DATA BLOCK:
────────────────
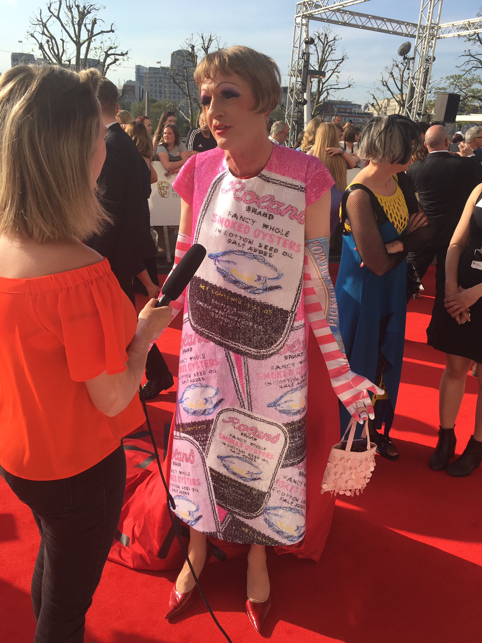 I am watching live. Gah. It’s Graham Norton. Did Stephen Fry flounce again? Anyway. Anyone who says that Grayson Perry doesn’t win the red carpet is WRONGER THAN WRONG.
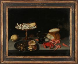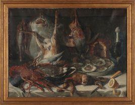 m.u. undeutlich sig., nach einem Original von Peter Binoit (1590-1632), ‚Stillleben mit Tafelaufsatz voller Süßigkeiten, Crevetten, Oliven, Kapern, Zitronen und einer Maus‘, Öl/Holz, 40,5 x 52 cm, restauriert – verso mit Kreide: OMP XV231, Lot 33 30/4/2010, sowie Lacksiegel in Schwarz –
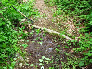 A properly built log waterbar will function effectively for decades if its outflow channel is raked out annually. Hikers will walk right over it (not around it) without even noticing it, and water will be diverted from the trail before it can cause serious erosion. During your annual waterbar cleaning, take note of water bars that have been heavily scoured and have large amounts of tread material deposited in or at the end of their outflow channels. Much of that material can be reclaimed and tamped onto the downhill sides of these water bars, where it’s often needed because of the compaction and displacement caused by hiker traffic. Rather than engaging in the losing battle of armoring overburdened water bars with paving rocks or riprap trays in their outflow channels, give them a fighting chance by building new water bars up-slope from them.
────────────────
INSTRUCTIONS FOR THE TASK: Write out the material exactly as it stands, omitting every picture.

ANSWER TO THIS TASK:
 I am watching live. Gah. It’s Graham Norton. Did Stephen Fry flounce again? Anyway. Anyone who says that Grayson Perry doesn’t win the red carpet is WRONGER THAN WRONG.
 m.u. undeutlich sig., nach einem Original von Peter Binoit (1590-1632), ‚Stillleben mit Tafelaufsatz voller Süßigkeiten, Crevetten, Oliven, Kapern, Zitronen und einer Maus‘, Öl/Holz, 40,5 x 52 cm, restauriert – verso mit Kreide: OMP XV231, Lot 33 30/4/2010, sowie Lacksiegel in Schwarz –
 A properly built log waterbar will function effectively for decades if its outflow channel is raked out annually. Hikers will walk right over it (not around it) without even noticing it, and water will be diverted from the trail before it can cause serious erosion. During your annual waterbar cleaning, take note of water bars that have been heavily scoured and have large amounts of tread material deposited in or at the end of their outflow channels. Much of that material can be reclaimed and tamped onto the downhill sides of these water bars, where it’s often needed because of the compaction and displacement caused by hiker traffic. Rather than engaging in the losing battle of armoring overburdened water bars with paving rocks or riprap trays in their outflow channels, give them a fighting chance by building new water bars up-slope from them.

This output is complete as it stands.